Although this is the right time of year for building with green lumber, you may encounter a problem if you try to side it soon with the T111 within the next 90 - 120 days or so.. Have you considered board and batten?

Re treatment, I use Timbor. You can buy a 5 gallon pail off of E-bay for around 80 bucks. Treat the lumber at least twice.

Scott

Scott, do you know if the active ingredient of TimBor is Boric Acid?

Scott is spot on here - but I'm wondering can the lumber be treated when you stack and sticker it? Seems it would be a lot easier to do it then , instead of when it already framed.

Thanks
 

Tarhead

Mark
Corporate Member
Yep, Timbor is pure Boric Acid. I already have some I used to treat my shed and some areas in the Garage where I saw some termite activity around the foundation. I'll just spray it on when I stack and sticker. It's also a fungicide.
Thanks!
 
J

jeff...

Yep, Timbor is pure Boric Acid. I already have some I used to treat my shed and some areas in the Garage where I saw some termite activity around the foundation. I'll just spray it on when I stack and sticker. It's also a fungicide.
Thanks!


Thanks Mark - I had a sneaking suspicion it was
http://www.domyownpestcontrol.com/timbor-p-144.html

One other thing I forgot to mention - Unless you ordered 6/4, I'm sure those boards your getting from Randy will be real dimensional lumber - unlike BORG dimensional lumber where a 2x4 is really 1 1/2 x 3 1/2. Beat them together with 20d nails, 16d won't cut the mustard when working with the real stuff. :eek:ccasion1

Later
 

scsmith42

New User
Scott Smith
Scott, do you know if the active ingredient of TimBor is Boric Acid?

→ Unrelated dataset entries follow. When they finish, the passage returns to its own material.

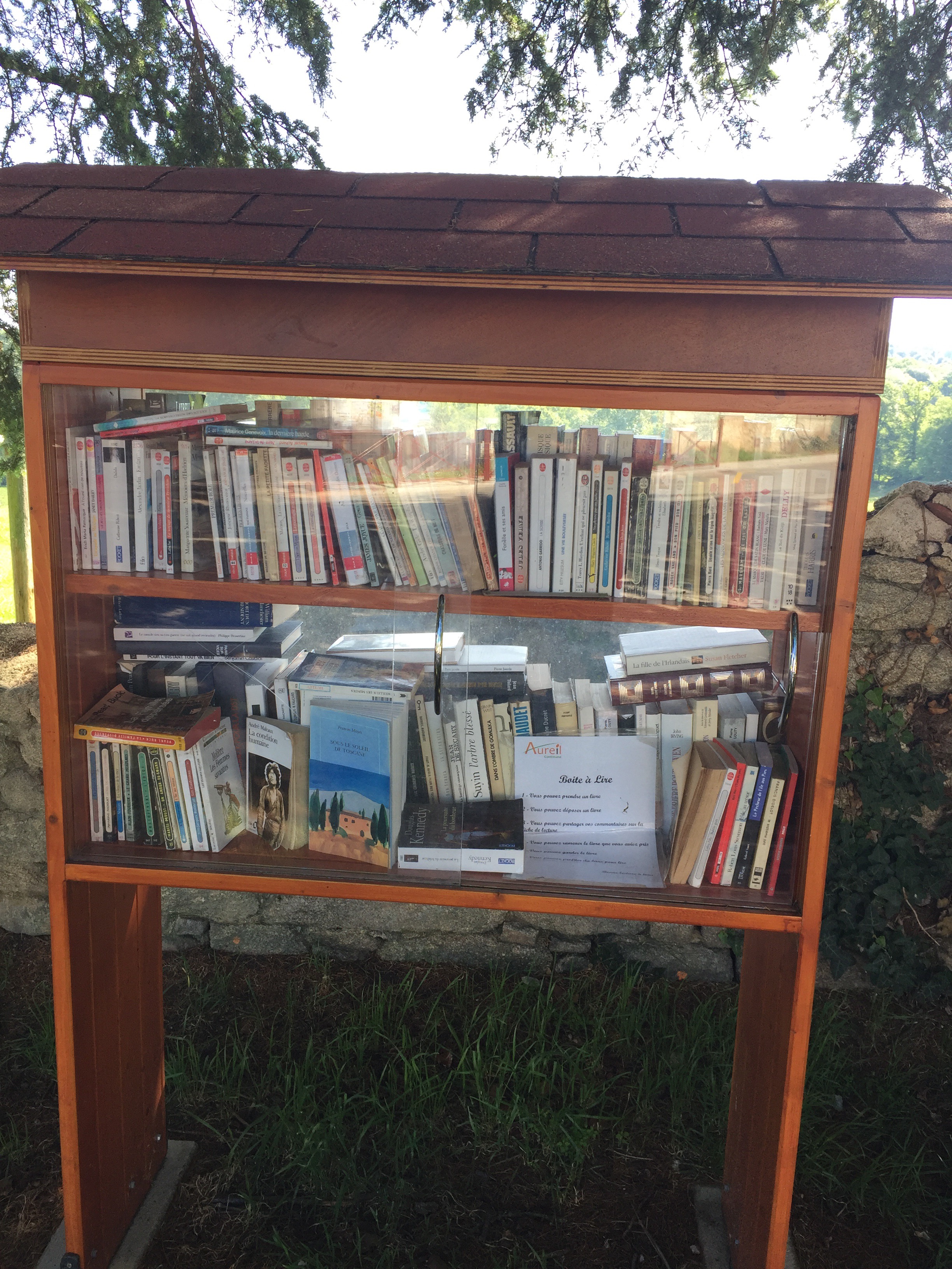 In het dorpje Aureil kom ik aan tijdens het speelkwartier van de basisschool. Naast het schoolplein is een schaduwplekje onder een boom met een bank! Dat vraagt om pauzeren en genieten van mijn pain met kaas, een appel en water. Naast de bank een boekenkastje met de uitnoding om te nemen en te lezen wat je maar wil. Lezen staat hier hoog aangeschreven.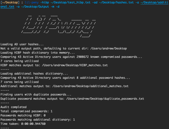 This can be a powerful tool for carrying out a one off audit of the state of passwords being used in an environment. From the blue team side of things, it is even more powerful when automated to run regularly and combined with education for the users who return compromised passwords. After all, this data is useless until you do something with it.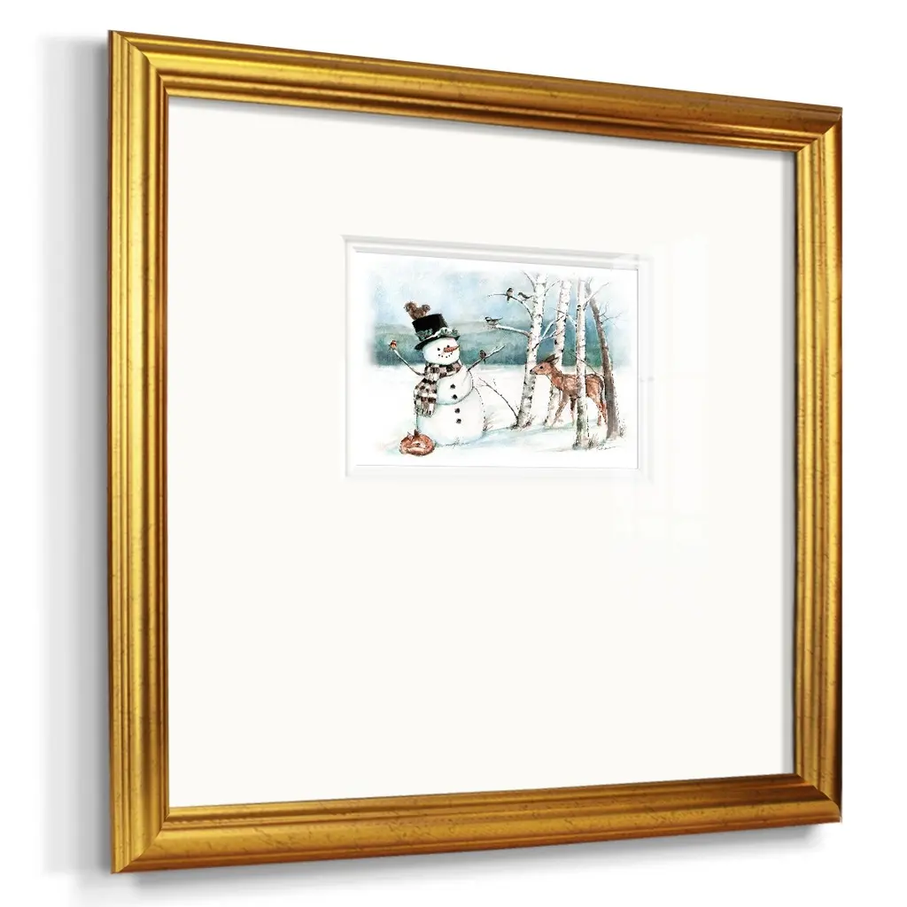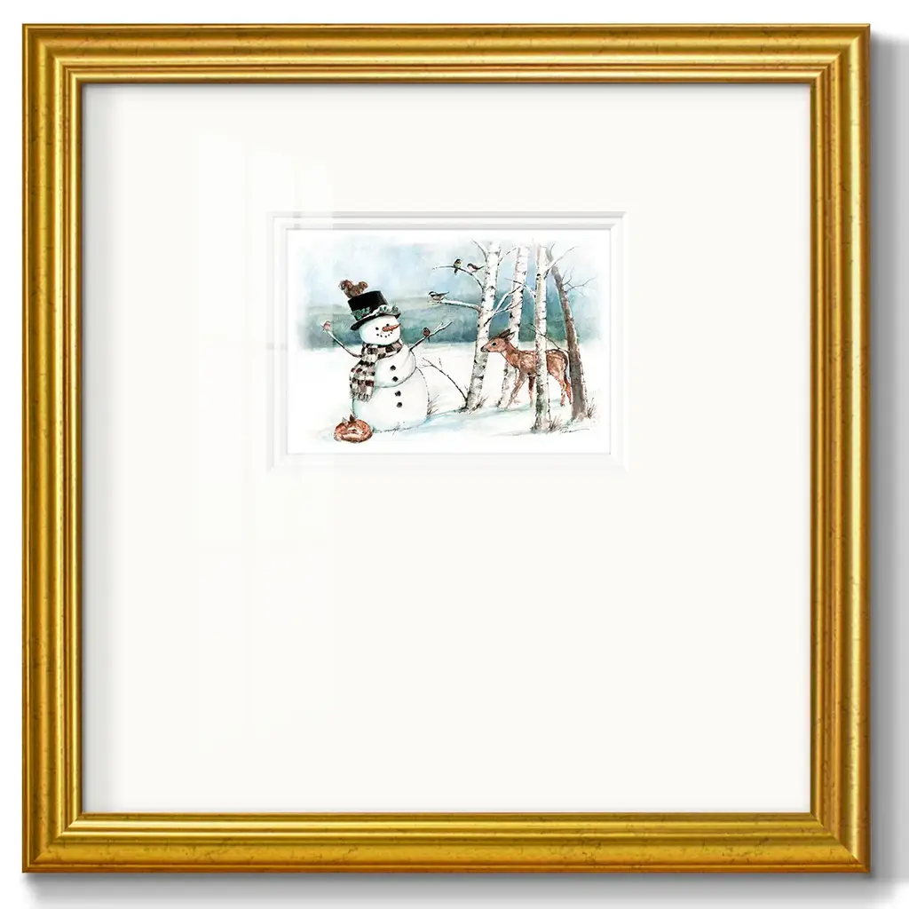 Snow FriendsPremium Framed Print A framed cold pressed paper print featuring superior double matting and quality frame. 2 SIZES AVAILABLE 16''X16''' - Overall Size 20''X20''' - Overall Size Each piece is made to order. Each piece comes with hanging hardware. Made in the USA Ready to Hang Giclee Paper Print Plexiglass Beveled Matt Board Double Matte Board

Scott is spot on here - but I'm wondering can the lumber be treated when you stack and sticker it? Seems it would be a lot easier to do it then , instead of when it already framed.

Thanks


Jeff - yup - I knew that - hence my recommendation.

If you AD the lumber for a few weeks, and then treat it twice before using it, you will get better penetration than if it's treated while it's still green. I concur that it's best to treat it before using it.
 

Tarhead

Mark
Corporate Member
Well a few weeks have passed since since I got my loads of SYP from Randy (WoodButcher). I took the stack/treat/dry for a while advice and so far so good. No mildew, splits, curls, bugs etc. I gets covered if the weather report says rain but otherwise it's in the open and shaded other than early in the morning. Moisture meter says 15% and will begin construction in a few weeks. I'm hesitant to use some of the SYP for construction as it's very nice, straight grained lumber with very few knots. Most of the 2X6s are knot free:thumbsup:. If you're in the CLT area planning to build something and don't need stamped lumber give Randy a shot at supplying it.
Here's the Stack-O-Wood with some of Jeff's Walnut and 4, 4X6 RO beams sandwiched in there:

 

Gotcha6

Dennis
Staff member
Corporate Member
IIRC from my log home rep days, Timbor is Sodium Borate. The good thing about it is it does not discolor the wood as much as other treatment properties, but it is not for use below grade or in damp locations. It does have a very low toxicity. The LD50 (Lethal dose for 50% of the population) is the same as table salt. Treatment should be done when the lumber is still green.